Writing a signature for multiple conditions


I’m trying to work out if this is possible to write a rule that inspects traffic that is not deterministic.

So say there’s a protocol with multiple TLV (type length value) fields, we’d look at type - make sure that it’s known good, length can then be checked and then allows us to move onto the new TLV header. I think can make this work using byte_extract and byte_jump, if there’s a fixed number of TLV fields, but not if that number isn’t fixed.

Would anyone know if this is possible please?

Hi. What is the purpose of the rule(s) you want to create? In what situation should the rule send an alert?
Sounds to me like you want to validate the protocol format and alert if there are packets not following the format.

I would recommend looking into either lua scripting 6.38. Lua Scripting for Detection — Suricata 7.0.0-dev documentation or writing a protocol parsers for suricata.

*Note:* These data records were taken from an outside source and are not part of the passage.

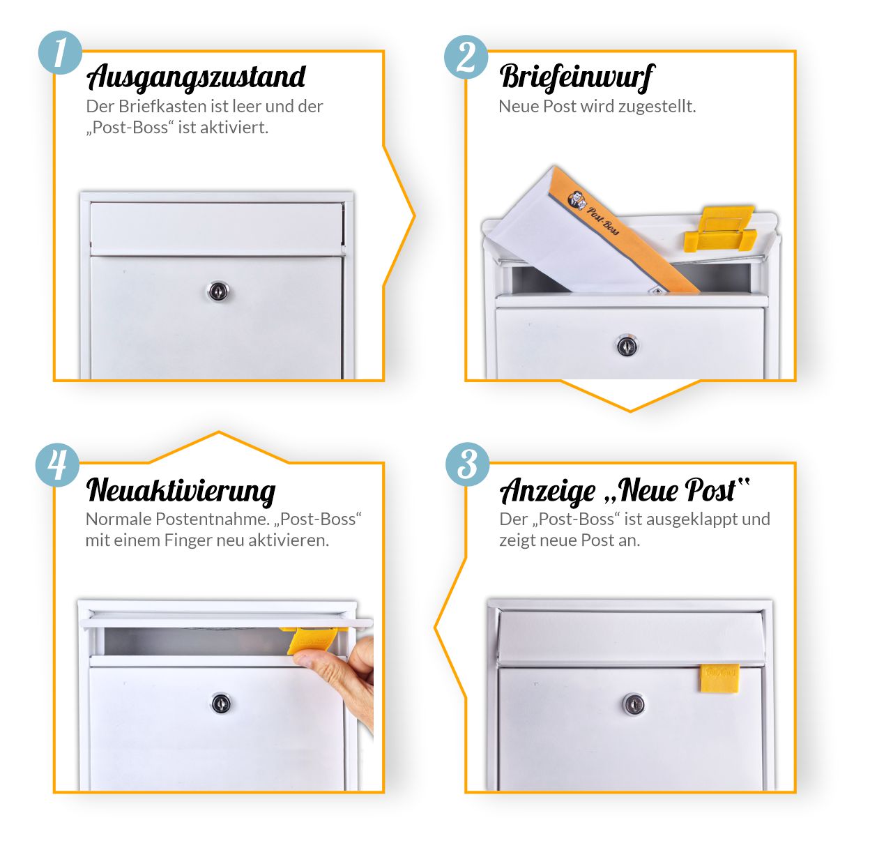 Der "Post-Boss" funktioniert rein mechanisch. Keine App. Keine Technik. Keine Batterien.
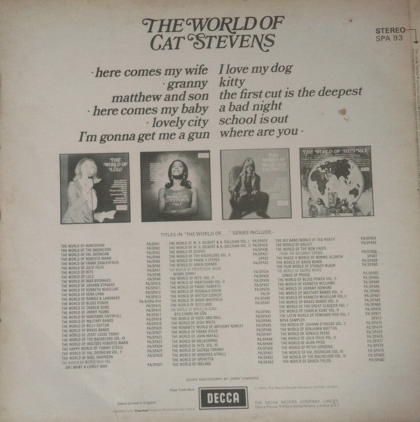 A1. Here Comes My Wife A2. Granny A3. Matthew And Son A4. Here Comes My Baby A5. Lovely City A6. I'm Gonna Get Me A Gun B1. I Love My Dog B2. Kitty B3. The First Cut Is The Deepest B4. A Bad Night B5. School Is Out B6. Where Are You
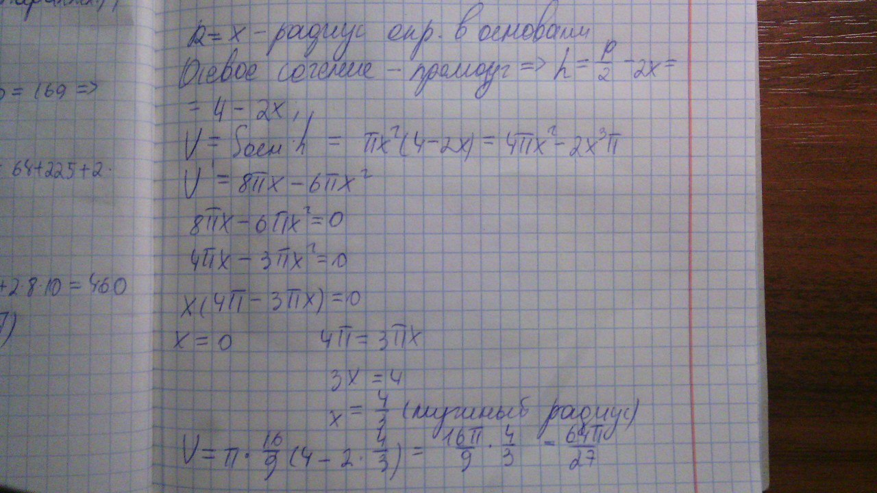 из всех цилиндров у которых периметр первого сечения равен 8,выбран цилиндр наибольшего объёма,найти этот объем)
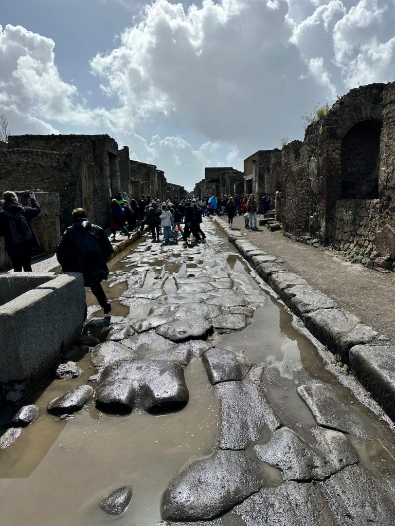 14.04.2023 Es hat den ganzen Tag geregnet und gehagelt. Für den späten Nachmittag soll der Regen zumindest etwas nachlassen und gegen Abend ganz aufhören. Der letzte Einlass zur Ausgrabungsstätte von Pompeji ist um 15.30 Uhr. Wir brechen also gegen 14.45 Uhr an unserem Campingplatz auf und machen uns auf den Weg in die Stadt zur Ausgrabungsstätte. Auf dem Weg mußten wir immer wieder Schutz unter Überdachungen und dergleichen vor besonderes schweren Regengüssen suchen. Aber am Ende schaffen wir es noch eingelassen zu werden. Tatsächlich hat dann immer mal wieder die Sonne geschienen aber es gab auch noch den einen oder anderen Regenguss. Aber der Besuch hat sich wirklich gelohnt und uns für die nassen Füße und Socken belohnt.
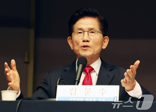 (서울=뉴스1) 박세연 기자 = 김문수 국민의힘 대선 후보가 8일 서울 중구 프레스센터에서 열린 관훈클럽 토론에서 발언을 하고 있다. 2025.5.8/뉴스1
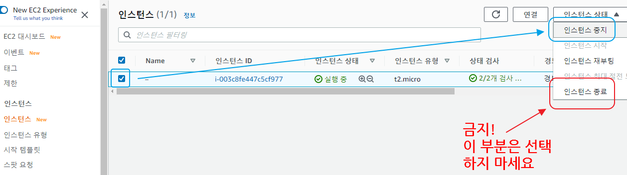 절대로 인스턴스 종료를 선택하시면 안됩니다.
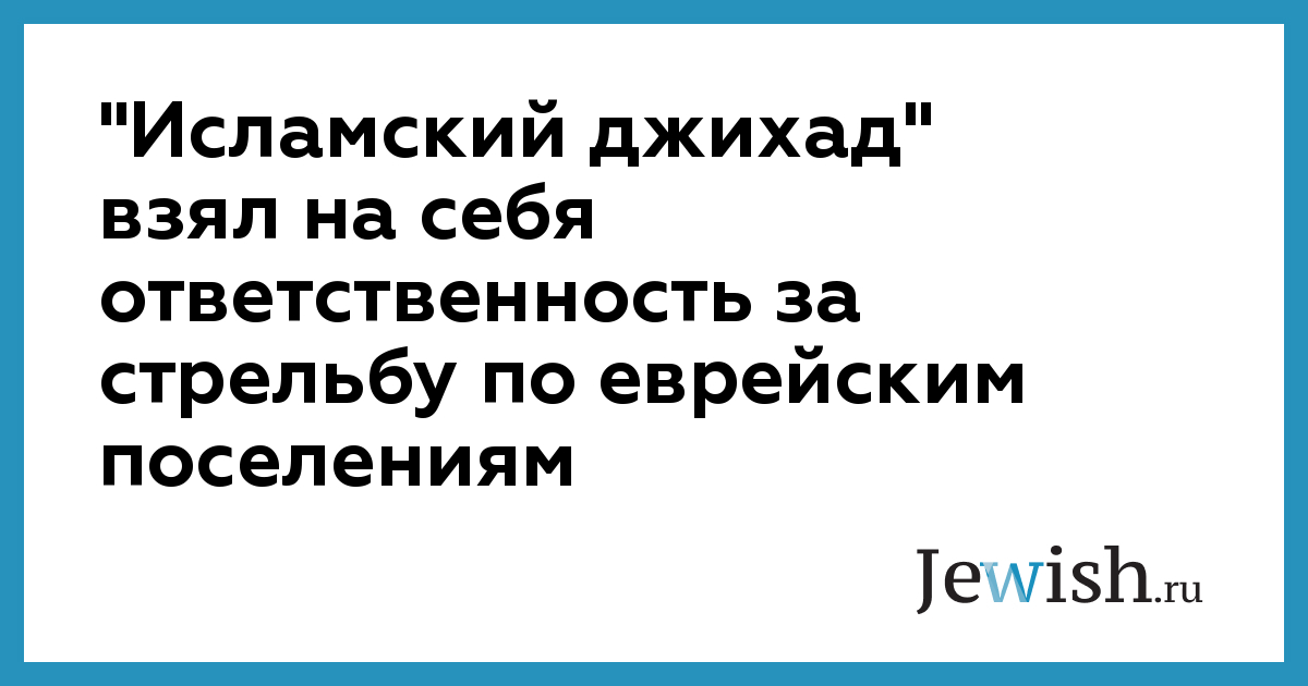 "Исламский джихад" взял на себя ответственность за стрельбу по еврейским поселениям
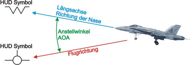 The Angle of Attack (AOA) is the angle between the flight direction and the longitudinal axis of the aircraft. This angle should be between 7.4° and 8.8° during landing. The angle of attack is directly related to the airspeed.

With a protocol parser you can alert on app-layer-protocol 6.32. Generic App Layer Keywords — Suricata 7.0.0-dev documentation


Thanks for the reply - much appreciated.

I want to validate that a protocol is conforming to the RFC. So only send an alert if it doesn’t confrom.

So say today if someone sent a protocol that Suricata inspects (say TLS), and say sent a certifciate with a length of some crazy high value, but then cut the packet short. Is that something that Suricata would pickup, without a custom signature ?


I’ll look into Lua,

I believe the fields defined in this enum can be used by the app-layer-event: keyword.

Doing something similar for your protocol would probably be the most elegant solution, but it requires knowledge about programming in C or Rust.
Validation in the rule language using Lua or byte_test and byte_jump might be doable, but you are using a tool intended for another job, so the ergonomics could probably be better.